Well, I hope so.  Don't know if I've ever run across a bad opportunity.  Trouble maybe, but a bad opportunity? Isn't that an oxymoron?  

Opor - two - nidy. What a stupid word. I hate important words that are stupid. Why can't opportunity be called fried chicken or something? Cream gravy maybe, or how about Selma Hayek? Now, if Selma was fixin' to come up to my front door holding a plate of fried chicken smothered with cream gravy, that may just about cover everything. But that's another column.

Opportunity, says Webster, is a, "favorable juncture of circumstances."  In my Oxford book of quotations, there are seven famous lines about opportunity.  Seven — that's it!  There are twenty-seven regarding failure.  Seems it's been easier for the great thinkers to ponder about messing up as opposed to giving us direction on the good stuff.  There are even forty-eight lines about doors.  You know, doors, the partition behind which opportunity lurks and knocks?  Or does it knock?  Here's what it does for me.  Here's what I get.

A few years back I'm sitting in my living room and hear these annoying scratches on the back door.  Seven, maybe eight scratches, then a pause, then seven or eight more. "Go in your doghouse!"  I yell.

We had this dog and though we loved him, if you saw him for the first time you would wonder, “What happened to him, anyway?” 

A cute, fluffy puppy grew into a nice but scrawny looking dog. All the dogs I knew when I grew up were playful, then plump, and then fat. My dog could hide behind a wind gust, he was so scrawny. Wasn't sick or anything, he just looked like a dog you'd find in an alley or something. You wouldn't know him from the rats, either. 

On that particular night, I thought he went in the doghouse after I yelled, and then I went to bed.  About an hour later I realized he was still scratching on the back door, and from there it went something like this:

I get up, flick the light on, and see him do two things.  He wags his tail, happy to see someone, and then he gets up on his hind legs and paws at his snout.  Points at it, I tell you. I'm thinking he's possessed.  Really. 

Well sir, I do what any man would do. A moment later, the missus is rubbing the sleep from her eyes, saying with no small amount of confusion, "He's doing what?"

"He's possessed, I tell you.  Come and see."

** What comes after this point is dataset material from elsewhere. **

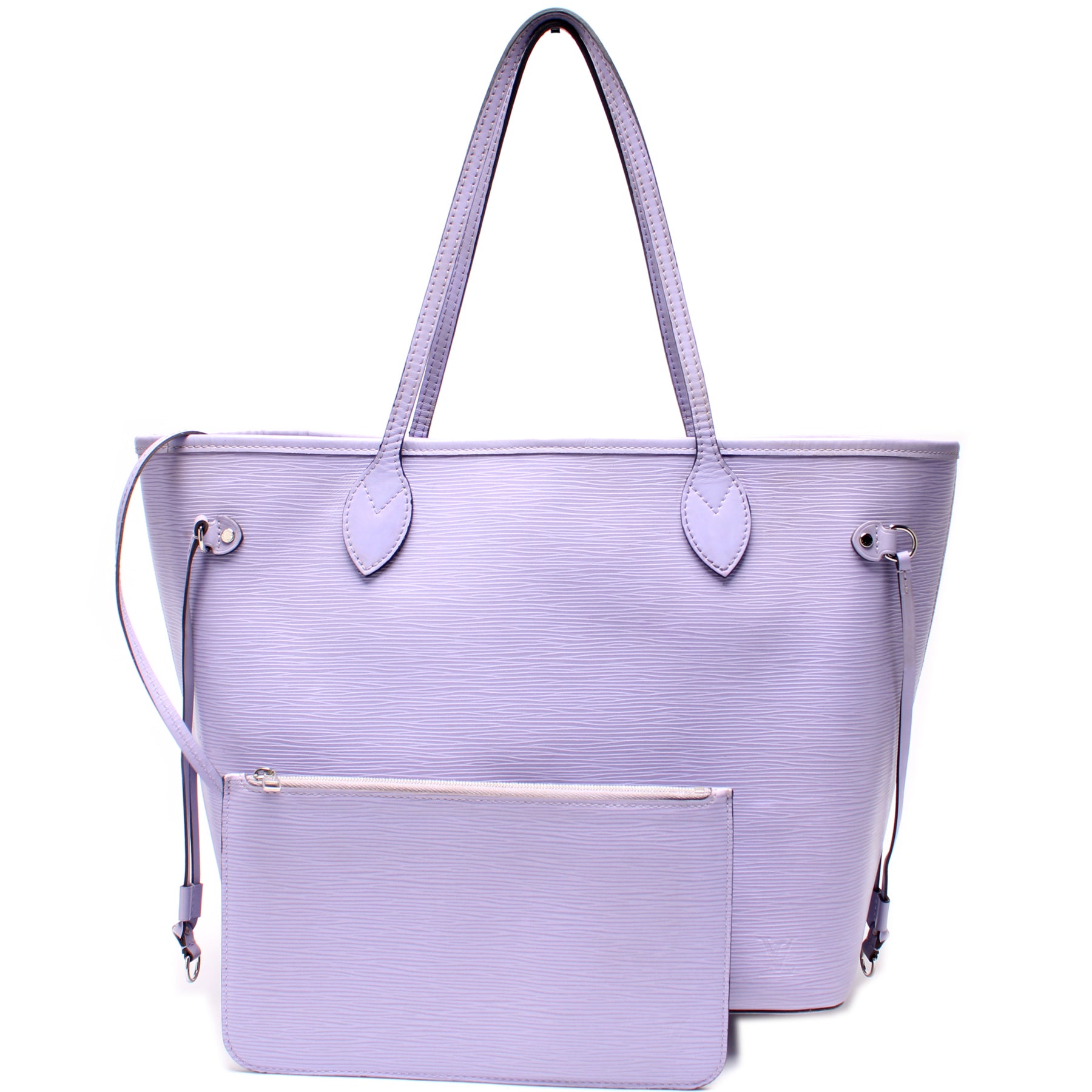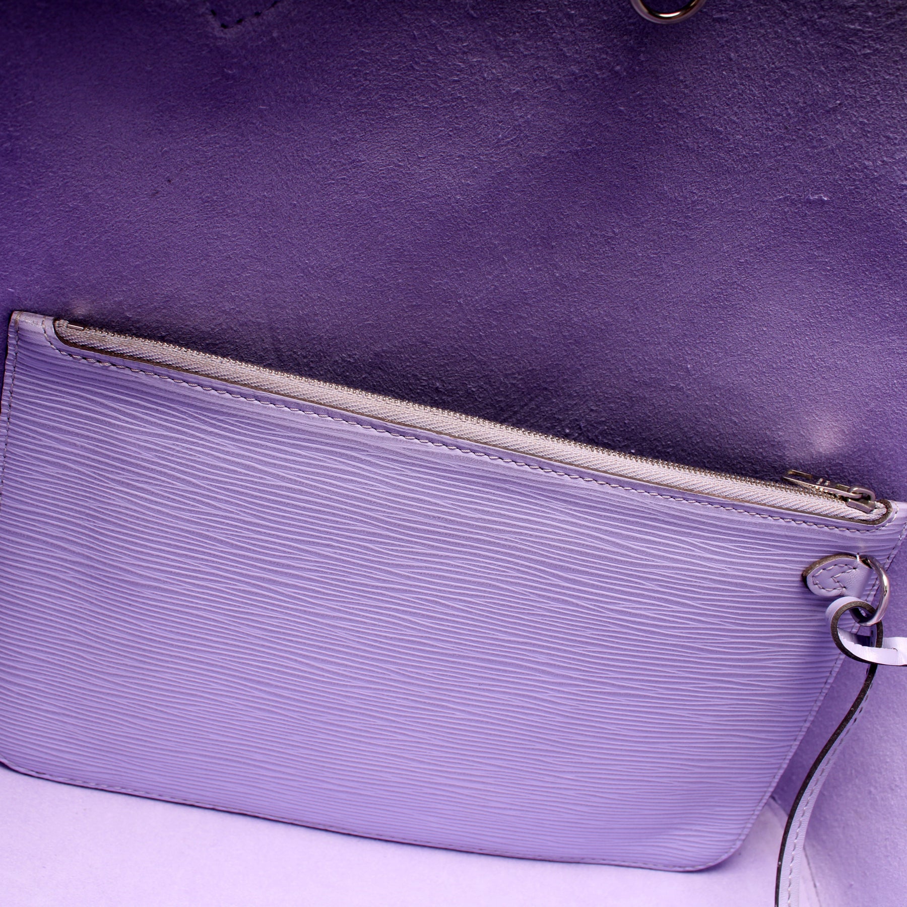 This pre-owned Louis Vuitton Neverfull MM W/ Wallet is guaranteed 100% authentic. The exterior is in the classic Louis Vuitton Epi leather.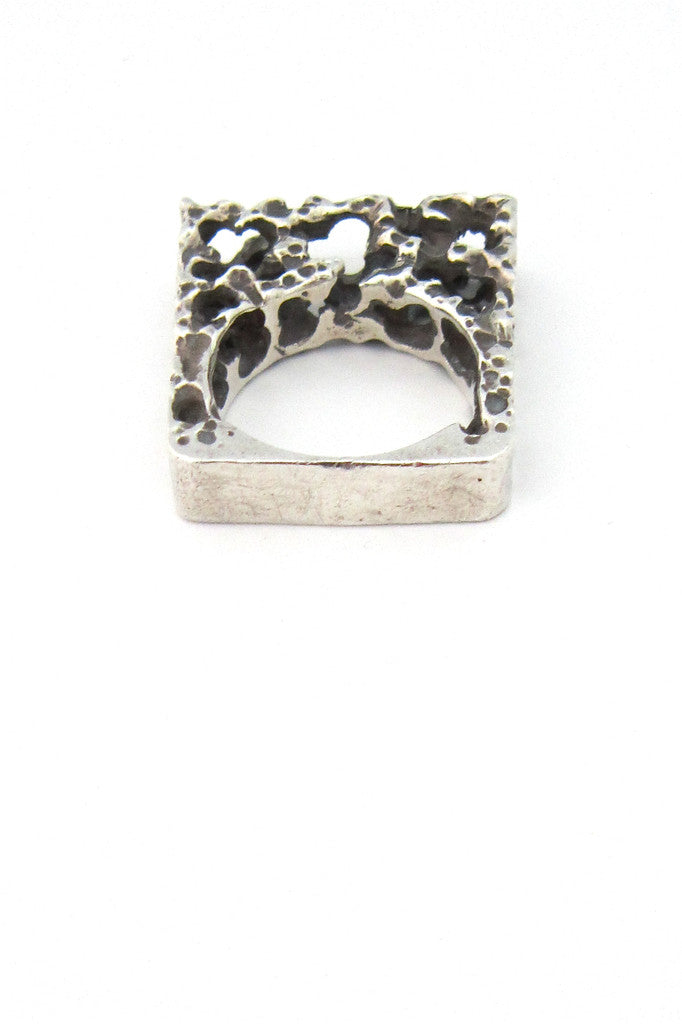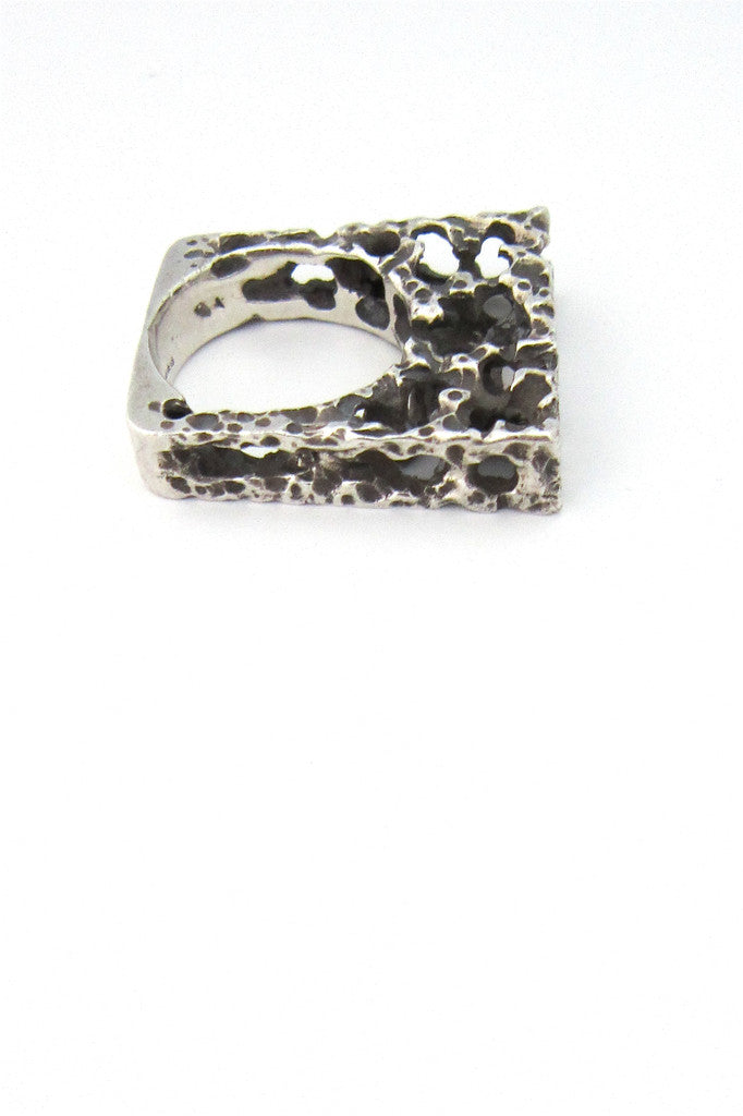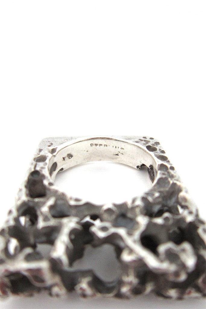 With its intricately cast piercings and craggy surfaces, this rugged and organic ring is a great piece of miniature sculpture.

We go outside; he wags and then does the snout thing.  I'm hunting out a rock, intent on being humane and putting him out of his misery.  While I'm doing that, she looks him over.  Turns out he has a small part of a chop bone caught in the roof of his mouth.  My wife - I mean our team, under my supervision - reaches in his mouth, flips it out and we settle down to sleep. The moral here?

I think his scratching was just the sound that opportunity makes.  I don't think there's a big booming pound on the door.  I think it's an annoying scratch that, sized up against the rest of the day, seems worth ignoring.  It doesn't come wrapped with a pretty bow on top, and more times than we care to admit, I'd bet it gets caught in our throat.  If we try to listen for an exact sound, an expected sound, we end up shushing that annoying noise to listen and…you get the point. 

This thing I spoke of at the beginning? I'm thinking it's too much noise to be anything special. Then again, God knows — because He's God — that along with my aging eyes, the ears are going too. Maybe He's just speaking up. Or maybe He's clearing His throat to get my attention.  But that's another column.

I'd listen to those small sounds if I were you. Me? I listen for that scratching all the time. Religiously, if you'll pardon the pun. At worst, it will be another opportunity that doesn't pan out.  At best, I'll know not to kill our new dog.